Present results clearly:
- Show the score and verdict prominently
- List dimension scores
- Highlight specific differences found
- Show actionable suggestions
- End with next step guidance based on verdict:
  - PASS (done): Next: Your artifact meets the quality bar. Proceed with confidence.
  - REVISE (continue): Next: Address the suggestions above, then run ooo qa again to re-check.
  - FAIL (escalate): Next: Fundamental issues detected.

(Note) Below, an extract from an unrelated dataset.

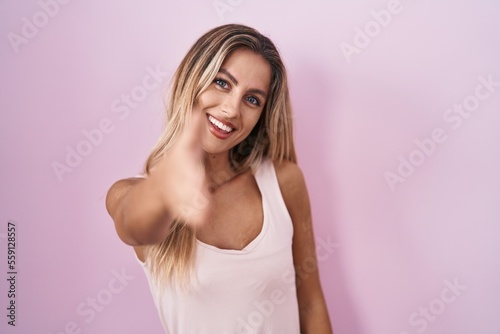 Young blonde woman standing over pink background smiling friendly offering handshake as greeting and welcoming. successful business.

Consider ooo interview to re-examine requirements, or ooo unstuck to challenge assumptions.

Iterative QA Loop

For iterative usage, track the qa_session_id and iteration_history from the response meta:

First call returns qa_session_id and iteration_entry in meta
On subsequent calls, pass qa_session_id and accumulated iteration_history
Continue until verdict is pass or fail

In fallback mode, generate a qa-<uuid4_short> session ID on the first run and maintain iteration count in conversation context to preserve the same iterative contract.

Fallback (No MCP Server)

If the MCP server is not available, adopt the ouroboros:qa-judge agent role directly:

Read the canonical agent definition: <project-root>/src/ouroboros/agents/qa-judge.md (This is the same prompt used by the MCP QA tool, ensuring consistent verdicts.)
Follow the QA Judge framework to evaluate the artifact
Output the verdict in the standard format (must match MCP output shape):

QA Verdict [Iteration N]
========================
Session: qa-<id>
Score: X.XX / 1.00 [PASS/REVISE/FAIL]
Verdict: pass/revise/fail
Threshold: 0.80

Dimensions:
  Correctness:      X.XX
  Completeness:     X.XX
  Quality:          X.XX
  Intent Alignment: X.XX
  Domain-Specific:  X.XX

Differences:
  - <specific difference>

Suggestions:
  - <actionable fix>

Reasoning: <1-3 sentence summary>

Loop Action: done/continue/escalate

Example

User: ooo qa src/main.py

QA Verdict [Iteration 1]
============================================================
Session: qa-a1b2c3d4
Score: 0.72 / 1.00 [REVISE]
Verdict: revise
Threshold: 0.80

Dimensions:
  Correctness:           0.85
  Completeness:          0.60
  Quality:               0.75
  Intent Alignment:      0.80
  Domain-Specific:       0.60

Differences:
  - Missing error handling for network timeout in fetch_data()
  - No input validation on user_id parameter
  - Type hints missing on 3 public functions

Suggestions:
  - Add try/except with TimeoutError in fetch_data() (line 42)
  - Add isinstance check for user_id at function entry
  - Add return type annotations to get_user(), fetch_data(), process_result()

Reasoning: Core logic is correct but lacks defensive programming
patterns expected for production code.

Loop Action: continue

Next: Address the suggestions above, then run `ooo qa` again to re-check.